Open Bug 1057530 (GC.60fps) Opened 10 years ago Updated 1 year ago

[meta] Reduce our GC max-pause

Categories

(Core :: JavaScript: GC, defect, P3)

defect

Tracking

()

People

(Reporter: terrence, Unassigned)

References

(Depends on 9 open bugs, Blocks 1 open bug)

Details

(Keywords: meta, Whiteboard: [platform-rel-Games])

Attachments

(1 file)

Attached file bad_gc_behavior.txt (deleted) —
Right now, on a fresh profile, with default everything, our max pause is ~40-50ms. This appears to all come in the last slice. The GC dump is attached. Most importantly, the last slice times break down like this:

Wait Background Thread: 5.8ms,
Mark: 2.7ms
  Mark Roots: 1.6ms
Sweep: 30.4ms
  Mark During Sweeping: 8.1ms
    Mark Weak: 2.3ms
    Mark Gray: 5.5ms
    Mark Gray and Weak: 0.2ms
  Finalize Start Callback: 0.5ms
  Sweep Atoms: 3.9ms
  Sweep Compartments: 11.2ms
    Sweep Discard Code: 1.1ms
    Sweep Tables: 7.0ms
      Sweep Cross Compartment Wrappers: 0.8ms
      Sweep Base Shapes: 3.2ms
      Sweep Initial Shapes: 1.7ms
      Sweep Type Objects: 0.6ms
    Discard Analysis: 2.9ms
      Discard TI: 1.0ms
      Sweep Types: 1.9ms
  Sweep Object: 0.8ms
  Sweep String: 0.3ms
  Sweep Script: 0.6ms
  Sweep Shape: 1.9ms
  Sweep JIT code: 0.1ms
  Finalize End Callback: 1.7ms
  Deallocate: 0.5ms
End Callback: 0.2ms
Also, this is on a fast machine with plenty of memory and not on any particular site.
(In reply to Terrence Cole [:terrence] from comment #1)
> Also, this is on a fast machine with plenty of memory and not on any
> particular site.

Win 8.1 laptop, i7-4500u, 8G ram, m-c built today (opt build without debug symbols).

Also, the telemetry histograms support these values. E.g. On Firefox 34: GC_MAX_PAUSE_MS's median is 55.09 : http://telemetry.mozilla.org/#filter=nightly%2F34%2FGC_MAX_PAUSE_MS&aggregates=multiselect-all!Submissions!Mean!5th%20percentile!25th%20percentile!median!75th%20percentile!95th%20percentile&evoOver=Builds&locked=true&sanitize=true&renderhistogram=Graph
I think it's important to decide up front whether the goal is to improve the empty profile use case or the lots-of-tabs users. Part of the problem with GC is that we don't have test cases that are at all representative of how users actually use the GC. areweslimyet.com is probably the closest, but it takes forever to run.

We could also consider incorporating more GC data into telemetry.
The goal is, IMO, to have the majority of GCs to not have slices above 10ms. Right now, from my experiments (using the patch from bug 1019611) that every 5-30ms we get a 30-60ms max pause.

I used a clean profile with various scenarios, e.g. constant simple animation on http://testufo.com, just opening and closing tabs, banana bread webgl mozilla demos, scrolling up and down on cnn.com, and others. The pattern is quite consistent- we get a max pause of ~40 ms typically every 10-30s.

Each of those - if it happens during animation - is a clearly visible dropped frame. The testufo.com site also identifies it as "not smooth".

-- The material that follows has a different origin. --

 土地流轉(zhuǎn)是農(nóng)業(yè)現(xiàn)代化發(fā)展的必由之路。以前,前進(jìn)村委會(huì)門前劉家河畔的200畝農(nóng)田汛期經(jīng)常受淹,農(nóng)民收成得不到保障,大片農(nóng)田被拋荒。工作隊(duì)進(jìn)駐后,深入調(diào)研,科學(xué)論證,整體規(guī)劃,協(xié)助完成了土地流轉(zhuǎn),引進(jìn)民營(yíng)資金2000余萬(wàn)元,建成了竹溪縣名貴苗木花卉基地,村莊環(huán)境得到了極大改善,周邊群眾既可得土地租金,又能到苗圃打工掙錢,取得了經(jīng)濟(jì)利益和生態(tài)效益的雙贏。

I didn't test with multiple tabs, but I'd say that if it can't keep a simple animation consistently smooth with a single tab on a clean profile, then what chance do we have with multiple tabs and dirty profiles?
(In reply to Avi Halachmi (:avih) from comment #4)
> The goal is, IMO, to have the majority of GCs to not have slices above 10ms.
> Right now, from my experiments (using the patch from bug 1019611) that every
> 5-30ms we get a 30-60ms max pause.

Typo, every 5-30s there's a GC pause of 30-60ms which results in visibly dropped frame[s] if it happens to be while animating or gaming.
(In reply to Avi Halachmi (:avih) from comment #4)
> The goal is, IMO, to have the majority of GCs to not have slices above 10ms.

If we wanted to really define a _good_ goal, I'd say that slices should be typically not more than 5ms and, if possible, more spread apart (e.g. maybe every 5-10 frames rather than every frame).

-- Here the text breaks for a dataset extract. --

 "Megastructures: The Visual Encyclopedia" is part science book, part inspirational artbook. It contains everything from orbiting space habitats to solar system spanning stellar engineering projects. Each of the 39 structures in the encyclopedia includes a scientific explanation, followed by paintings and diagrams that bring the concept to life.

10ms taken out of a frame could many times still cause a frame drop IMO, since it's 70% of the entire frame time, so it squeezes the frame's work quite a bit.

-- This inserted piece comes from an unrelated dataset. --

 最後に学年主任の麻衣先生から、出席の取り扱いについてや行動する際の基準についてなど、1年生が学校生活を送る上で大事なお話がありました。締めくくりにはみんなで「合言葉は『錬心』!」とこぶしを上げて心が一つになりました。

FWIW, I was also observing CC max slices (bug 1019101) which happen a bit more frequently than GCs (typically every 6-7s) and are shorter - typically 1-7 ms averaging about 4 I think. And on most of the CCs I couldn't notice frame drops and also testufo.com didn't detect "stutter" during CCs.
OK. I have to stress, though, that 5ms is extremely ambitious. I worked on a research Java GC (Metronome) in 2006 and it managed to achieve pause times in that range, but the throughput was really bad. Another system, the Java GC from Azul is "pauseless", but it requires OS support. Also, Java GC is a lot easier than JavaScript GC, especially in a browser. I think that to get even close to 10ms would take a year or more of work.

A more reasonable goal would be to try to make GCs less frequent (with better scheduling) and smaller (per-tab rather than for all the tabs). Also, thinking ahead, electrolysis will split apart the JS heaps for the parent and the child processes. As a consequence, GCs in both processes will get faster.
Depends on: 1057563
Yeah, I didn't pretend to be able to estimate the difficulty of a 5ms goal. But both my understanding of animations and my observations with the CC pauses tell me that 5ms is a good goal to strive to.

My estimation is that 10ms taken out from a frame is likely to drop frames frequently enough - especially if we're CPU intensive like in gaming, and that consecutive frames with 10ms pause each is even more likely to (though according to Terrence we don't typically have consecutive >10ms slices - he gave me this example for slices:  [10, 1, 2, 1, 1, 3, 2, 2, 1, 39]).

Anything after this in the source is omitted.